Data records:
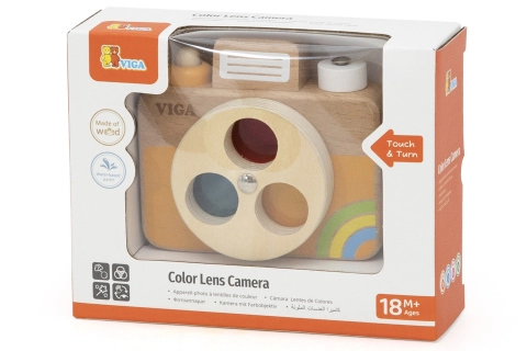 Doprajte deťom svet plný farieb a predstavivosti. Drevený fotoaparát s farebným objektívom umožňuje malým fotografom striedať tri farebné filtre – červený, žltý a modrý – a pozorovať okolie v novom svetle. Realistické ovládacie prvky, ako je tlačidlo spúšte, otočný horný gombík a zadné zrkadlo, prinášajú autentický a zábavný herný zážitok.
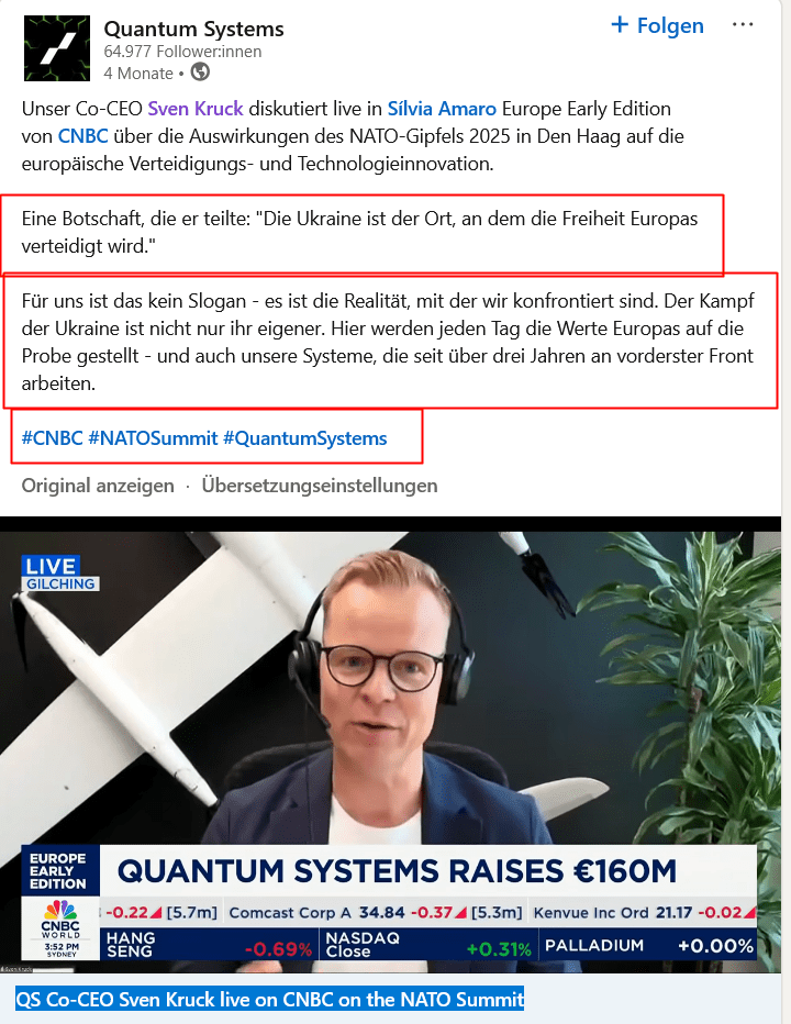 Amerikanische und israelische Unternehmen haben den Drohnenmarkt historisch dominiert. Wir freuen uns, dass Quantum-Systems sich verstärkt und eine selbst entwickelte europäische Lösung bietet, die die Technologiequalität nicht opfert.
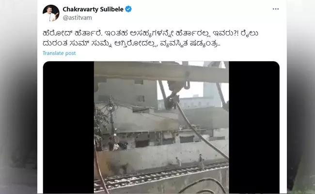 ಬೆಂಗಳೂರು : ಬಲಪಂಥೀಯ ವಾಗ್ಮಿ, ಸುಳ್ಳು ಸುದ್ದಿ ಹರಡುವ ಕುಖ್ಯಾತಿ ಇರುವ ಚಕ್ರವರ್ತಿ ಸೂಲಿಬೆಲೆ ಪಾಕಿಸ್ತಾನದ ಕರಾಚಿಯ ಹಳೇ ವಿಡಿಯೋ ಪೋಸ್ಟ್ ಮಾಡಿ ಭಾರತದ ರೈಲು ದುರಂತ ಹಿಂದಿನ ಷಡ್ಯಂತ್ರ ಎಂದು ಸುಳ್ಳು ಸುದ್ದಿ ಹರಡಿದ್ದಾರೆ.
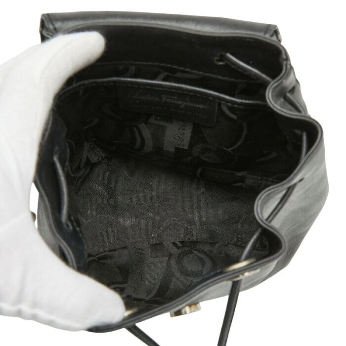 サルヴァトーレフェラガモ ガンチーニ バックパック リュック デイパック DJ-21 6258 ブラック レザー レディース Salvatore Ferragamo 【中古】
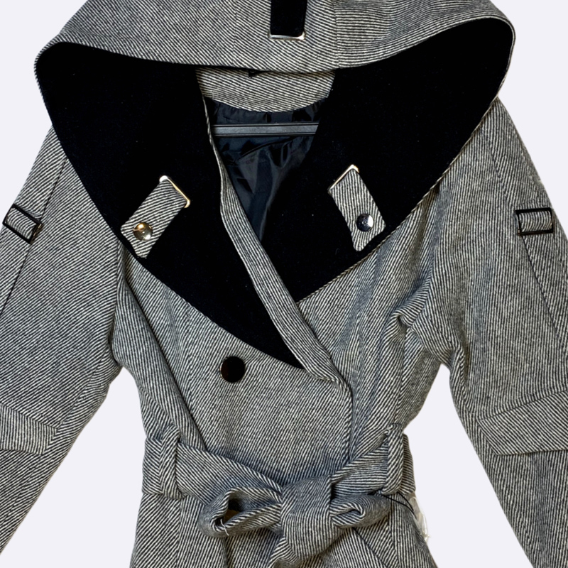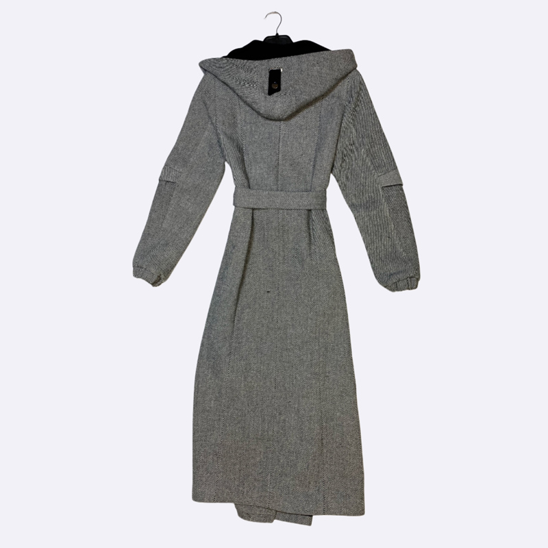 معطف طويل (مانطو) بتصميم ترانش، مصنوع من الجوخ بنقشة متعرجة (هيرنغ بون). يتميز بغطاء رأس وحواف متباينة، وإغلاق مزدوج بأزرار، وحزام خصر للربط. يحتوي على جيوب وتفاصيل أشرطة على الأكمام، وهو مثالي لإطلالة شتوية عصرية.
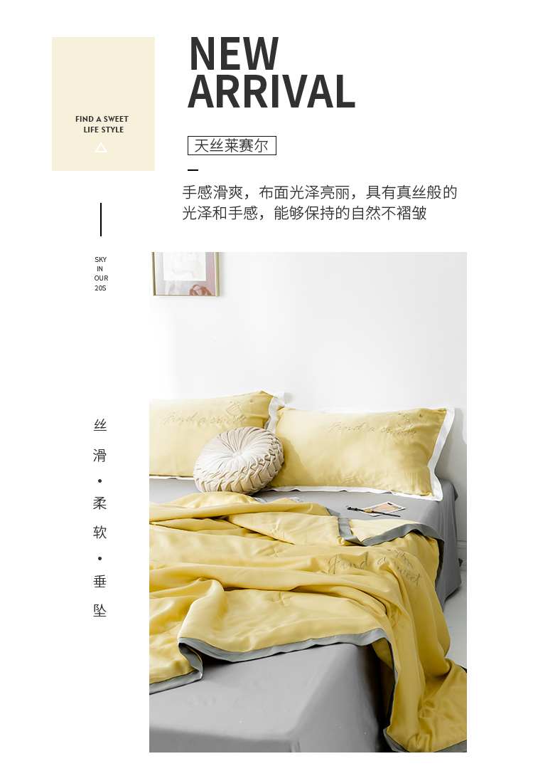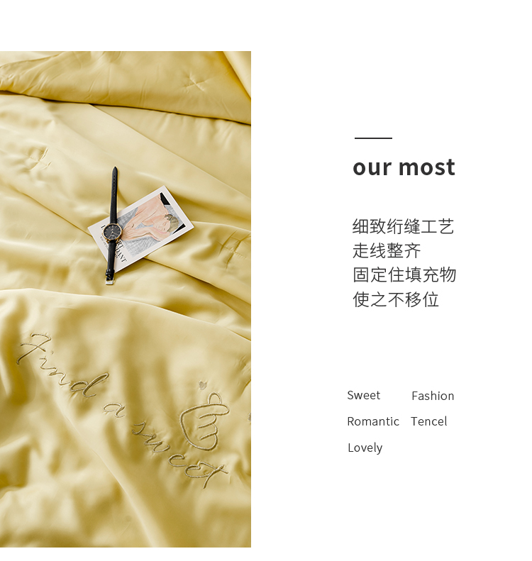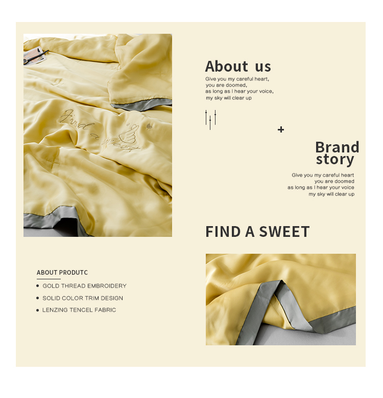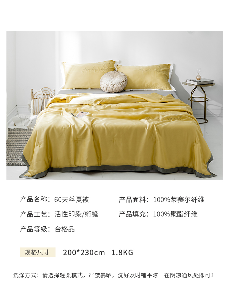 商品名称:润缦家纺 2019新款60天丝夏被比心系列 日光黄

■ **Exercise prompt**
Print once more, exactly, the lines that start at the top of the records above and end at the line with "サルヴァトーレフェラガモ ガンチーニ バックパック", skipping all pictures.

■ **Answer for the task**
 Doprajte deťom svet plný farieb a predstavivosti. Drevený fotoaparát s farebným objektívom umožňuje malým fotografom striedať tri farebné filtre – červený, žltý a modrý – a pozorovať okolie v novom svetle. Realistické ovládacie prvky, ako je tlačidlo spúšte, otočný horný gombík a zadné zrkadlo, prinášajú autentický a zábavný herný zážitok.
 Amerikanische und israelische Unternehmen haben den Drohnenmarkt historisch dominiert. Wir freuen uns, dass Quantum-Systems sich verstärkt und eine selbst entwickelte europäische Lösung bietet, die die Technologiequalität nicht opfert.
 ಬೆಂಗಳೂರು : ಬಲಪಂಥೀಯ ವಾಗ್ಮಿ, ಸುಳ್ಳು ಸುದ್ದಿ ಹರಡುವ ಕುಖ್ಯಾತಿ ಇರುವ ಚಕ್ರವರ್ತಿ ಸೂಲಿಬೆಲೆ ಪಾಕಿಸ್ತಾನದ ಕರಾಚಿಯ ಹಳೇ ವಿಡಿಯೋ ಪೋಸ್ಟ್ ಮಾಡಿ ಭಾರತದ ರೈಲು ದುರಂತ ಹಿಂದಿನ ಷಡ್ಯಂತ್ರ ಎಂದು ಸುಳ್ಳು ಸುದ್ದಿ ಹರಡಿದ್ದಾರೆ.
 サルヴァトーレフェラガモ ガンチーニ バックパック リュック デイパック DJ-21 6258 ブラック レザー レディース Salvatore Ferragamo 【中古】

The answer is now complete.